As a public speaker, Marshall-Daniels has addressed; the Digital Media Universe Conference (The Future of Television), Getty Educational Trust (Virtual Reality as a Teaching Tool), Kids Congress on Art, the Commission on the Status of Women – San Francisco (Media: Promoting Positive Role Models for Women), Leadership California (Leadership in the 21st Century), Children NOW (Media Images of Race & Class), the North American National Broadcasters Association (Program Content & International Cooperation), the Association of Junior Leagues International (Diversity & Multiculturalism), California Humanities Association (Television as a Teaching Tool) and the 1998 Youth Arts and Education Conference (Personal Development through Arts Education), the American Assembly (Television as an Art Form), and the UCLA Anderson School Economic Forecast Group (Bringing New Vision to Television).

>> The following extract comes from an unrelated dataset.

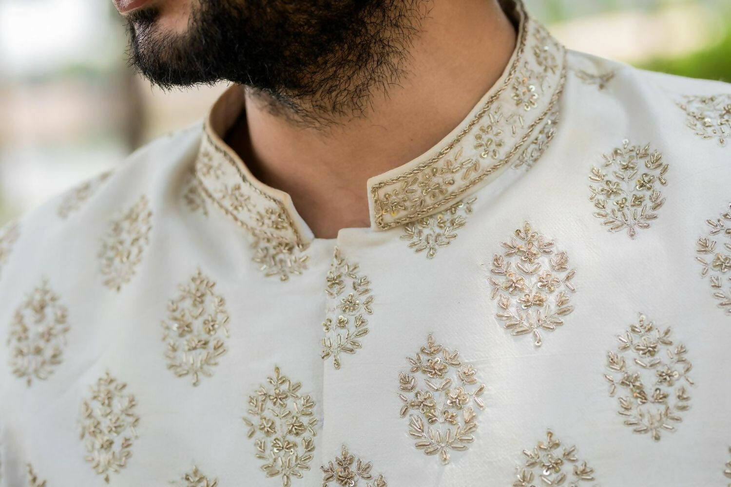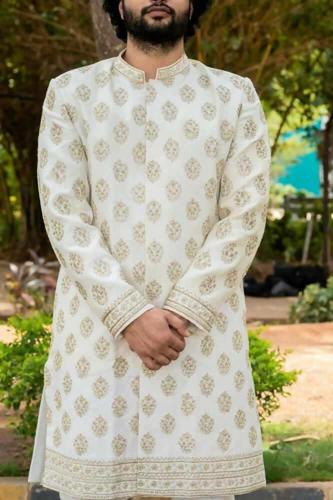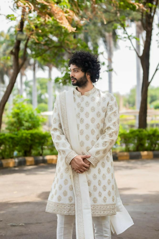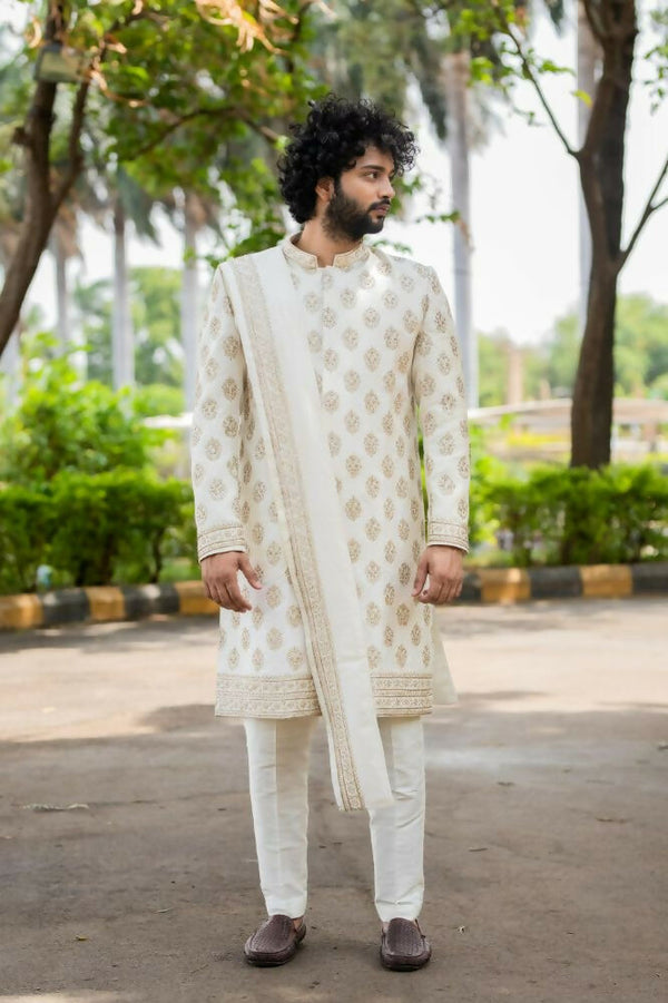 Featuring silver zardozi embroidered sherwani in dupion silk with all over motifs and heavy bordered design in the front of the body as well as on the sleeves. this has a dupatta with bordered hand embroidery work throughout. The pants are made of raw silk.

She has lectured at UCLA, Peter F. Drucker Graduate School of Management and the University of Texas. Marshall-Daniels has moderated and participated on panels sponsored by Aspen Institute, the International Documentary Association, Prix Italia, Arts Inc. Leadership America and the National Association of Television Program Executives. She is a frequent lecturer at the UCLA Custom Programs (Current Trends in American Television).
Meryl is a Senior Fellow at UCLA School of Public Policy and the Treasurer of Project GRAD Los Angeles. She received her BA in Sociology from UCLA, JD from Loyola Marymount University School of Law and mediation training at the Center for Dispute Resolution.